_Raw data:_
───
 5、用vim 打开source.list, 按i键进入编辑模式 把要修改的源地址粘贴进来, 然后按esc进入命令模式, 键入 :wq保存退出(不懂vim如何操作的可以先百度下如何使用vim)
───
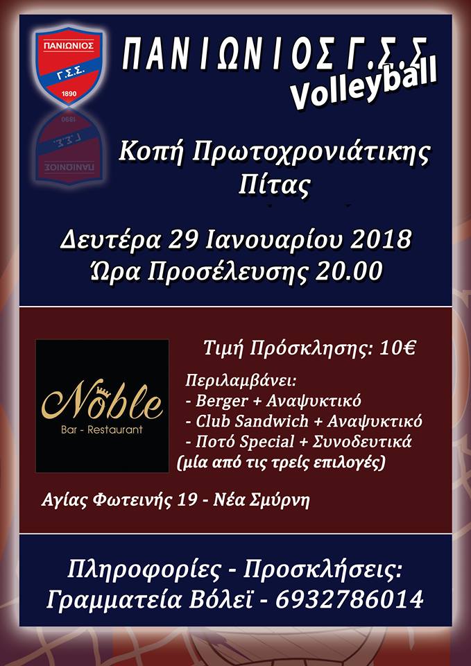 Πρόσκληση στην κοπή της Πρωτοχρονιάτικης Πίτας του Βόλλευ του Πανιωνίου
───
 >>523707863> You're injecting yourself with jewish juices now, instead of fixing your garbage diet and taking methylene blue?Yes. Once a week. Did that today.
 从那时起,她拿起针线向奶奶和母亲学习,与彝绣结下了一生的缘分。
───
_Exercise description:_ Each line in the entries above, starting at the line with "Did that today." and ending at the line with "从那时起,她拿起针线向奶奶和母亲学习,与彝绣结下了一生的缘分。", is to be printed exactly, and only those lines.

_Solved exercise:_
 >>523707863> You're injecting yourself with jewish juices now, instead of fixing your garbage diet and taking methylene blue?Yes. Once a week. Did that today.
 从那时起,她拿起针线向奶奶和母亲学习,与彝绣结下了一生的缘分。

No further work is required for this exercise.